The name is all over the place, and has been for quite a while, and many of
the claims, taken individually, are quite open to attack and criticism.
However, at the same time, hasn't that marketing also worked quite
successfully?

Getting the word out is definitely good, and perhaps having some
controversy over the thing does help, but it seems to be raising the
barrier to acceptance. I'd love to see straightforward comparisons
and even some reasonable testimonials, but the gushing is just getting
silly. I don't blame the Rails people for this; I think it's just
some people who really do believe that they've found the holy grail
and are very excited about that. It just makes it a bit difficult to
take rails seriously.

If RoR had not been hyped like this, would your Java shop know about it at
all? Would there be an enthusiastic crowd developing for it, and a much
larger enthusiastic crowd buying books about it and using it?

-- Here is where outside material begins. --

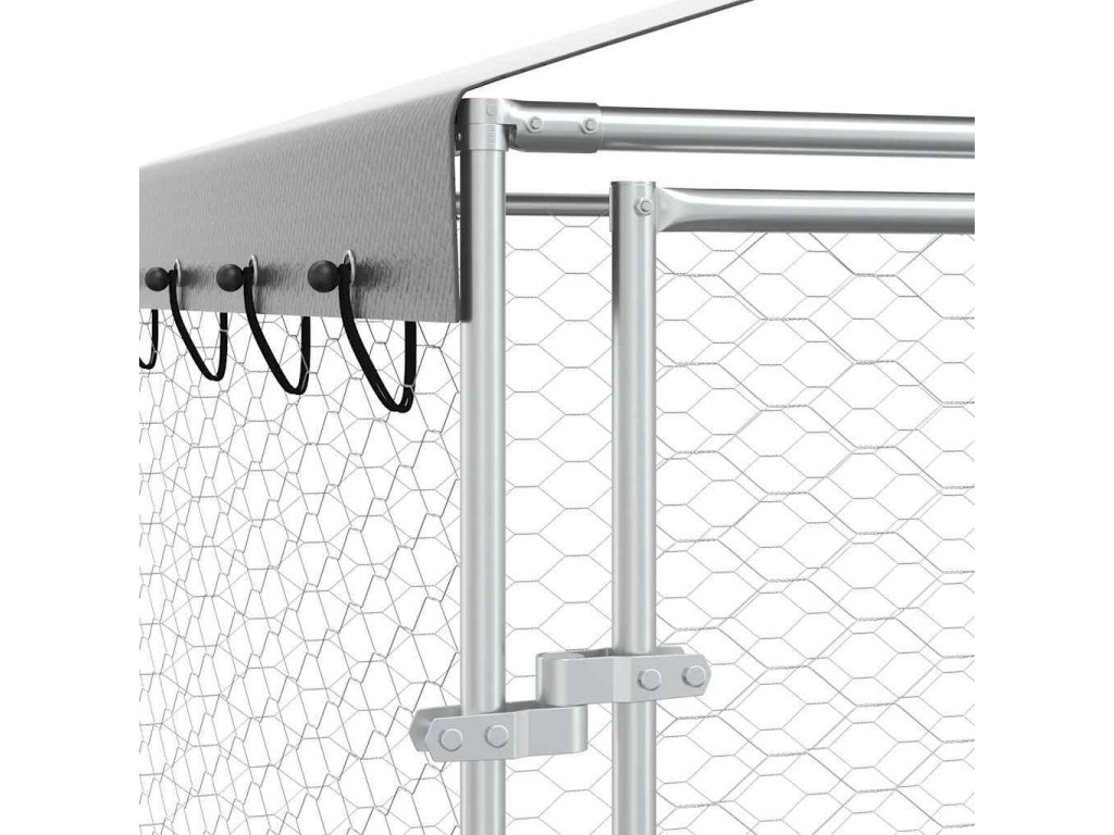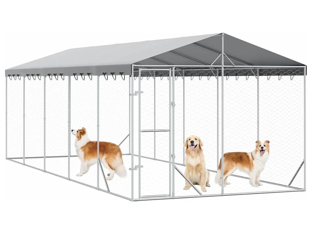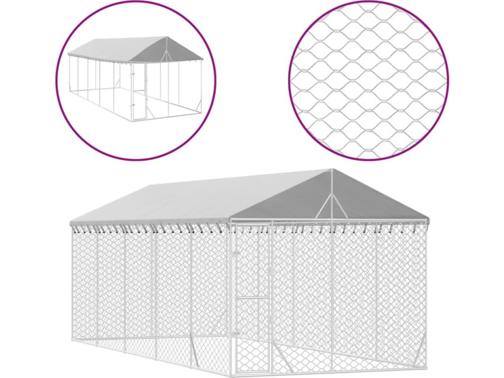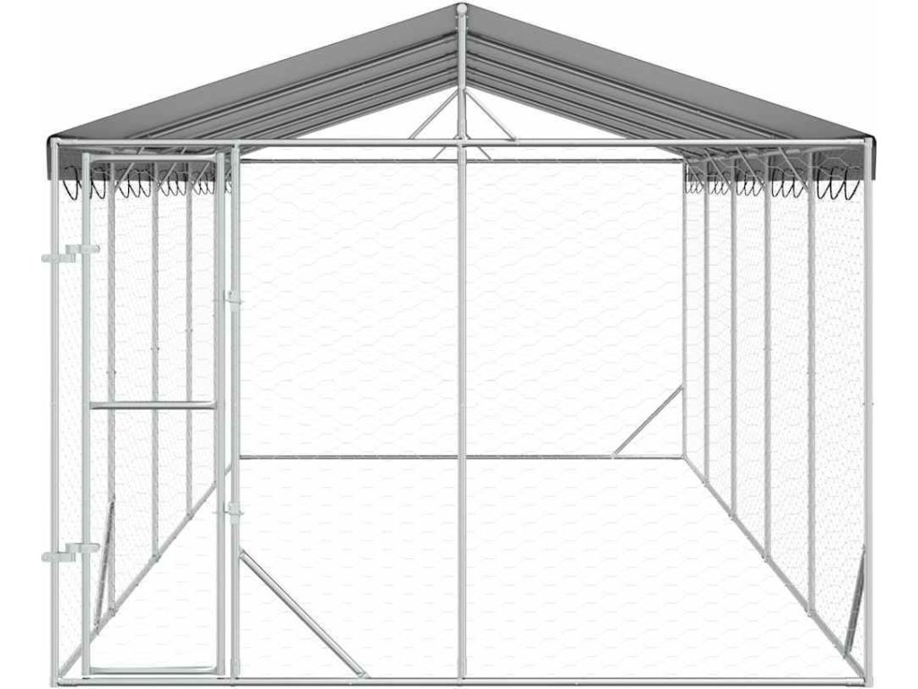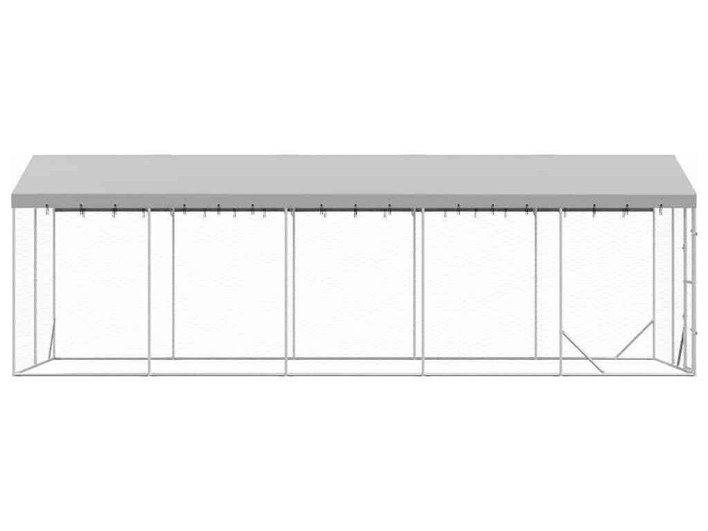 Venkovní psí kotec se střechou stříbrný 3 x 7,5 x 2,5 m ocel [3190489]
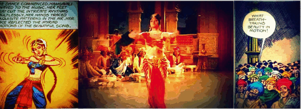 | Vyjayanthimala in Amrapali inserted into a comic panel based on story of Hamsavali from Somadeva’s Kathasaritsagara. Somadeva, son of Brahman Rama, composed the Kathasaritasagara (between 1063 and 1081) for Queen Suryavati, daughter of Indu, the king of Trigarta (Jalandhar). She was the wife of King Anantadeva, who ruled Kashmir in the eleventh century. The story of Suryavati, Ananta, Kalsa and Harsha is perhaps the gruesomest tale from Rajatarangini that ends with Anata killing himself by sitting on a dagger and Suryavati going ablaze. |

Not a Java shop (thank god :slight_smile:

Probably not.

I've been on the Ruby list since before Rails was released (as far as
I know), so I probably would know about it, but I do get the point.
The news articles certainly are bringing people in, it seems.

Compared to what? There are certainly quite a few vocal advocates
for Rails but the hype/buzz/interest seems to be of a different
quality than the type of "heavy marketing" that is usually associated with
large corporate PR departments. It seems to me more of a grass-roots
buzz to me than any sort of orchestrated campaign. I'd expect
David and company to be advocating their technology but I think there is
more going on than that.

Once I see RoR mentioned in Business Week, I'll consider it being
"heavily marketed". :slight_smile:

Gary Wright

···

On Jul 18, 2005, at 11:03 AM, Kirk Haines wrote:

This is something of a mixed bag. Rails has been marketed very heavily, true.